• **ASSIGNED TASK**: Every line below from the one with "Red Tussar Motif" through the one with "батарей) - 1 ПК." should be retyped exactly, both ends included; no other lines and no pictures.

• **DATA SHOWN**:

<<<<

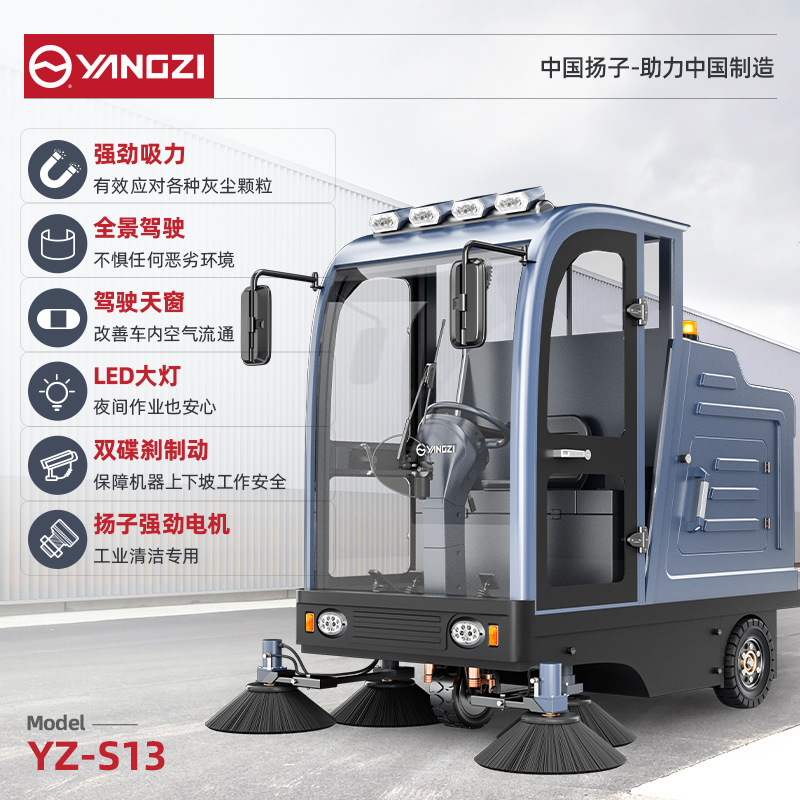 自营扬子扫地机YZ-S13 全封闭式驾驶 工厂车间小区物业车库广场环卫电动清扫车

>>>>
<<<<

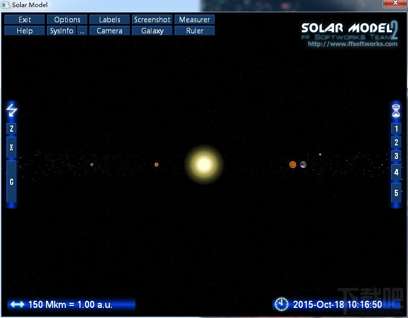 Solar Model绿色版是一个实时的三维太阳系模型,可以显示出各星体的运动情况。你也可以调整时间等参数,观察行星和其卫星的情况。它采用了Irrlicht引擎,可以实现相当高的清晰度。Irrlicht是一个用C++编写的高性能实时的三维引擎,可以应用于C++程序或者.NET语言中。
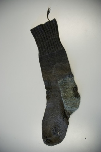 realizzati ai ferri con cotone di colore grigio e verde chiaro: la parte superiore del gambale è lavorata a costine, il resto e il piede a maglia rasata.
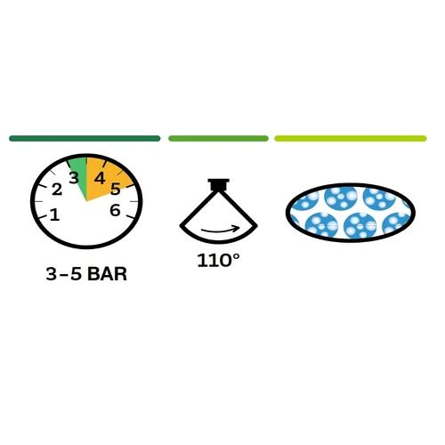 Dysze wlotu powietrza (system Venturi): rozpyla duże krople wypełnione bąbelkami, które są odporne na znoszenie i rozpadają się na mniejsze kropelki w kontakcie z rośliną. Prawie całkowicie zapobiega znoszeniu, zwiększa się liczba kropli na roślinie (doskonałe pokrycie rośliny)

>>>>
<<<<

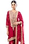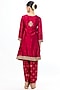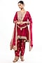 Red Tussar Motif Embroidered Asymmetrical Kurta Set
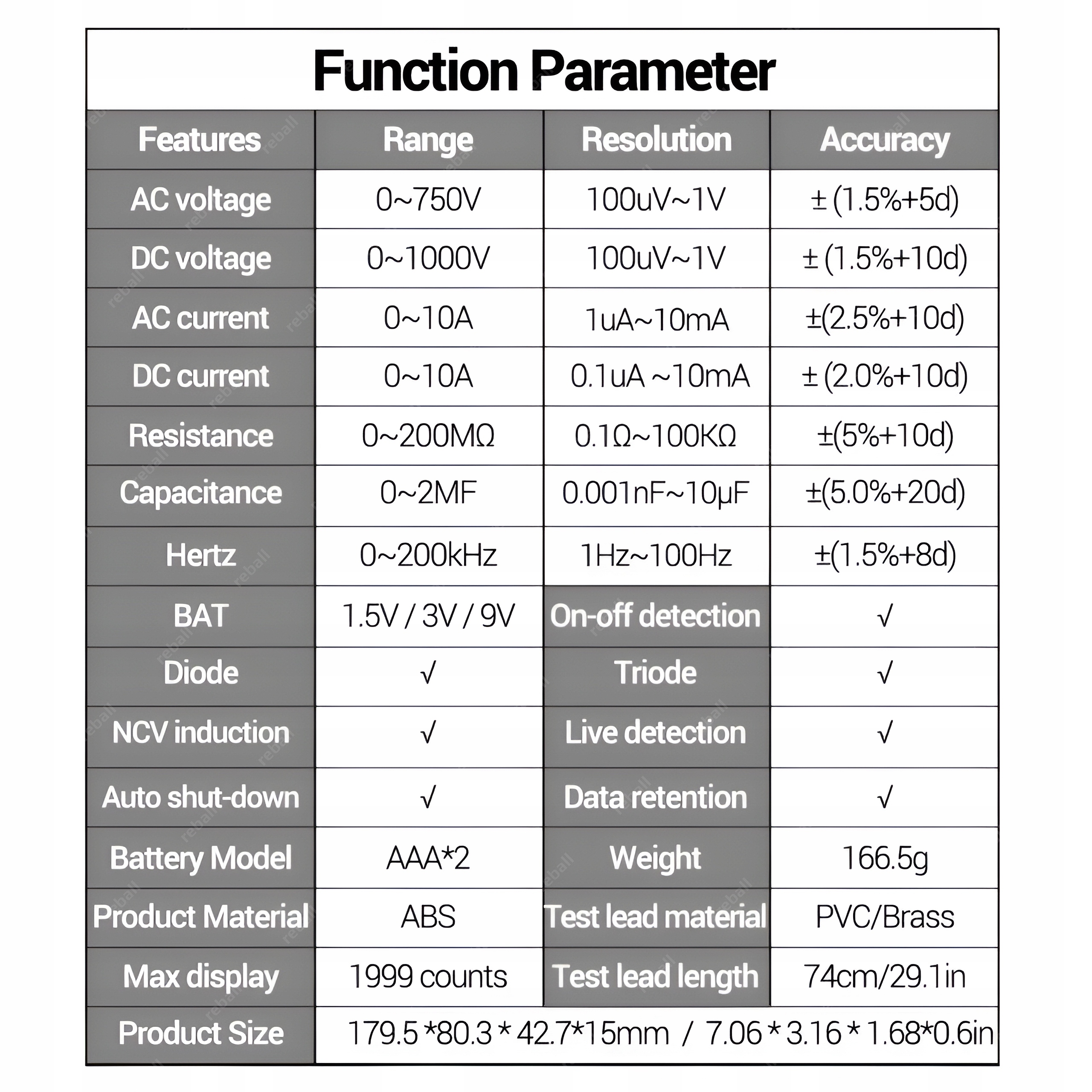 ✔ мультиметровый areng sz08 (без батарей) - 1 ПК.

>>>>

• **RESPONSE BOX**:
 Red Tussar Motif Embroidered Asymmetrical Kurta Set
 ✔ мультиметровый areng sz08 (без батарей) - 1 ПК.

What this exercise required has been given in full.